C1H4O2
Step-by-step explanation:
First, we need to find the number of moles of carbon dioxide and water produced from the combustion of 6.38 mg of ethylene glycol. Using the molar masses of CO2 (44.01 g/mol) and H2O (18.02 g/mol), we get:
moles of CO2 = 9.06 mg / 44.01 g/mol = 0.000206 mol
moles of H2O = 5.58 mg / 18.02 g/mol = 0.000309 mol
Next, we can find the number of moles of carbon, hydrogen, and oxygen in the sample by multiplying the number of moles of CO2 and H2O by the corresponding atom ratios in each compound. From the balanced chemical equation for the combustion of ethylene glycol, we know that:
C2H6O2 + 3O2 → 2CO2 + 3H2O
So, the atom ratios for carbon, hydrogen, and oxygen in ethylene glycol are 2:6:2. Thus, we have:
moles of C = 2 × 0.000206 mol = 0.000412 mol
moles of H = 6 × 0.000309 mol = 0.001854 mol
moles of O = 2 × (0.000206 mol + 0.000309 mol) = 0.001030 mol
Finally, we need to convert these mole ratios into the simplest whole-number ratio. We can do this by dividing each of the mole ratios by the smallest value, which in this case is 0.000412 mol. This gives us:
C: 1.000
H: 4.500 (approximately)
O: 2.500 (approximately)
Rounding these ratios to the nearest whole number, we get the empirical formula for ethylene glycol: C1H4O2.

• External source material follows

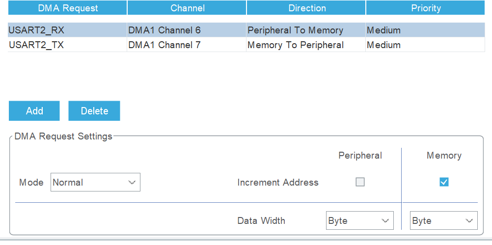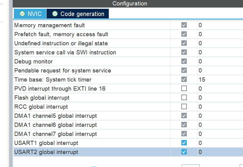 NVIC配置,勾选USART1 global interrupt和USART2 global interrupt。
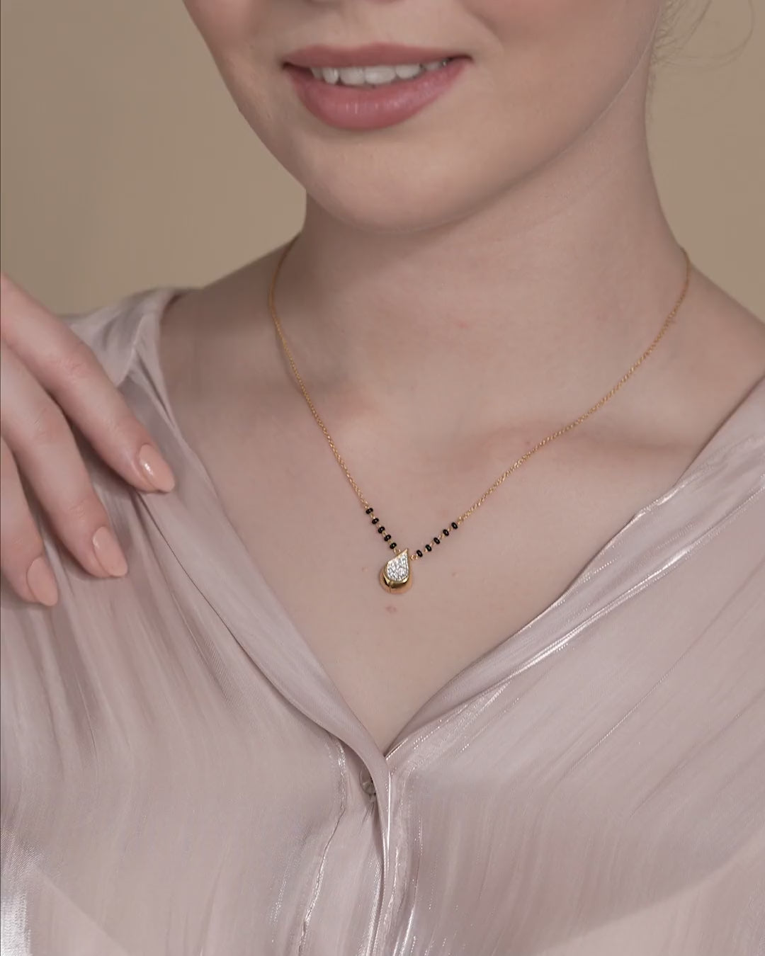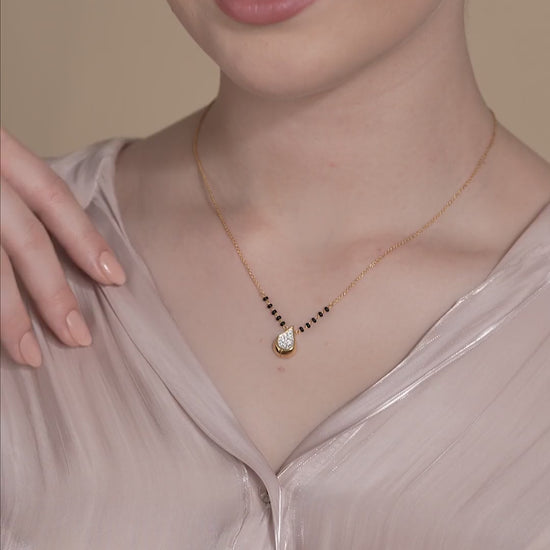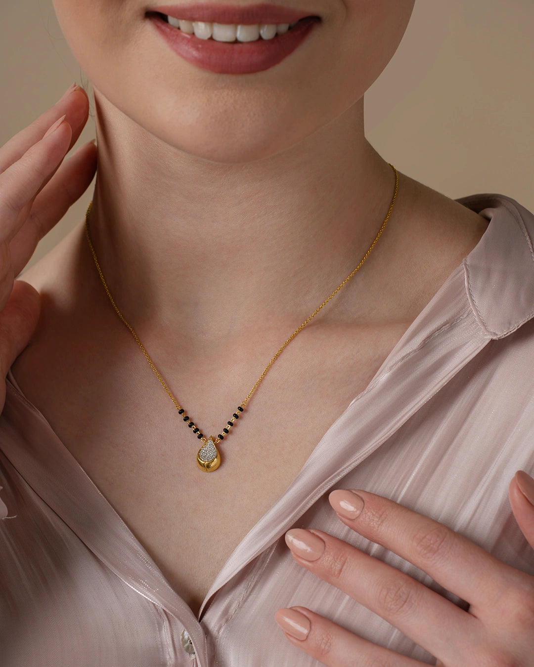 A small teardrop pendant beautifully blending gold and moissanite-set white, suspended from a traditional mangalsutra-style black bead chain.

Therefore, the empirical formula of ethylene glycol is First, we need to find the number of moles of carbon dioxide and water produced from the combustion of 6.38 mg of ethylene glycol. Using the molar masses of CO2 (44.01 g/mol) and H2O (18.02 g/mol), we get:
moles of CO2 = 9.06 mg / 44.01 g/mol = 0.000206 mol
moles of H2O = 5.58 mg / 18.02 g/mol = 0.000309 mol
Next, we can find the number of moles of carbon, hydrogen, and oxygen in the sample by multiplying the number of moles of CO2 and H2O by the corresponding atom ratios in each compound. From the balanced chemical equation for the combustion of ethylene glycol, we know that:
C2H6O2 + 3O2 → 2CO2 + 3H2O
So, the atom ratios for carbon, hydrogen, and oxygen in ethylene glycol are 2:6:2. Thus, we have:
moles of C = 2 × 0.000206 mol = 0.000412 mol
moles of H = 6 × 0.000309 mol = 0.001854 mol
moles of O = 2 × (0.000206 mol + 0.000309 mol) = 0.001030 mol
Finally, we need to convert these mole ratios into the simplest whole-number ratio. We can do this by dividing each of the mole ratios by the smallest value, which in this case is 0.000412 mol. This gives us:
C: 1.000
H: 4.500 (approximately)
O: 2.500 (approximately)
Rounding these ratios to the nearest whole number, we get the empirical formula for ethylene glycol: C1H4O2.
Therefore, the empirical formula of ethylene glycol is C1H4O2.